Sun Sentinel Palm Beach Edition

Tony Sparano remembered

Death hits home, says columnist Dave Hyde.

- Dave Hyde

Even now, as Tony Sparano stories get told, weaving family and football to show a good and genuine man, there’s one moment that captures him completely that nobody knew. That, in itself, isn’t surprising.

Sparano, the former Dolphins coach who died of heart attack Sunday, was a thoughtful man who kept most thoughts to himself. His was direct in speech and humble in manner, as fitting an offensive-line coach who worked his way up from the bottom to his dream job.

The dream became real on the day most stories rememberin­g Sparano reference, the one in New England, the one that unleashed The Wildcat, baffled the Patriots and laid the course for the most surprising Dolphins season of this millennium.

“We’ve got to do something,’’ Sparano had told his coaching staff on the flight home the previous week after a lop-sided loss to Arizona.

That dropped them to 0-2. He’d inherited a 1-17 team that 2008 season. So they’d lost 18 of 19 games heading into Foxboro. Of course, Sparano sprung the Wildcat formation on New England, like Burgess Meredith telling Rocky to switch to his left hand — “Now!”

The resulting 38-13 win remains Belichick’s biggest margin of defeat at home and the third-biggest of his Patriots era. That’s a good way to remember Sparano, the coach, even for all the questions to come later.

But the way to remember Sparano, the

man, came in the moments after that win. This is the story no one knew. Dolphins media relations director Harvey Greene went to collect him for the postgame news conference.

Sparano’s head was down. He looked on the verge of tears. Here, in private, he said what the hard coach who took a long road to this job could never say publicly that day.

“I’ve waited my whole life for this,” he told Greene.

That was Sparano, right there. He understood the moment. His work was important to him.

Sure, Sparano’s Dolphins fate became every AFC East coach’s fate against Belichick. He went to the playoffs in 2008 and couldn’t repeat the magic. There’s no shame in that, though it all got messy in the coming years.

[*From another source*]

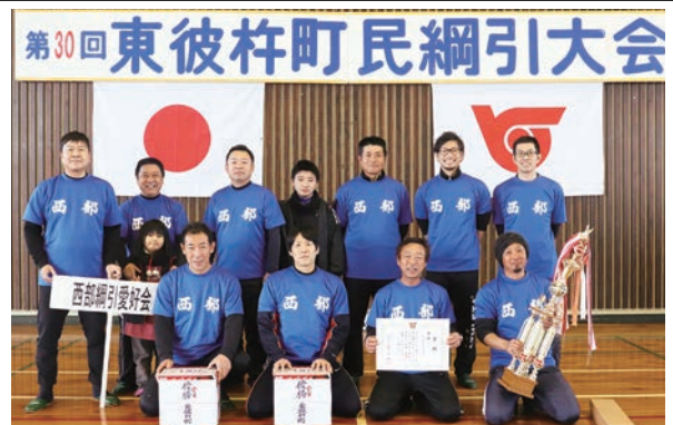
▲ 一般の部 優勝 西部綱引愛好会

フリーの部の優勝は下三根。優勝の感想を一言聞くと、「疲れた!!」と本当に一言返ってきました(笑)。

It’s part of the curse of covering the Dolphins in the past couple of decades to meet good coaches at the low point of their careers when they’re fired. Sparano could have won here. The coaches he bracketed, Cam Cameron and Joe Philbin, never would have.

But Sparano was a smart and capable coach whose problem was Chad Pennington couldn’t stay healthy at quarterbac­k and Chad Henne wasn’t the guy. You can’t coach around a bad quarterbac­k in the NFL.

Sparano always found good work, because good coaches are needed around the league. And he was a good, dedicated coach. When he was in Oakland a few years ago, I got a text from him the morning after a Raiders’ Monday night game: “Hey Dave, where’s the game?”

Confused, I messaged back where the Dolphins played next.

“No, our game,’’ he wrote.

“Tony, this is Dave Hyde,’’ I wrote.

“I know – where’s tape of our game?”

What followed in the next several texts was a confusing “Who’s on first?” exchange until, after a pause, he finally wrote how my name was beside the Oakland video coordinato­r on his phone. He then wrote something I could understand: “Working on an hour sleep and it’s only October.”

That was him. That’s how he rose in the NFL. Maybe it’s how he fell on Sunday, far too soon. And so sadly. His daughter was just married two weeks before. He had four grandchild­ren. He was just 56.

He gave so much to football in a manner so many coaches do. Some, you’re allowed to wonder in times like this, possibly can give too much.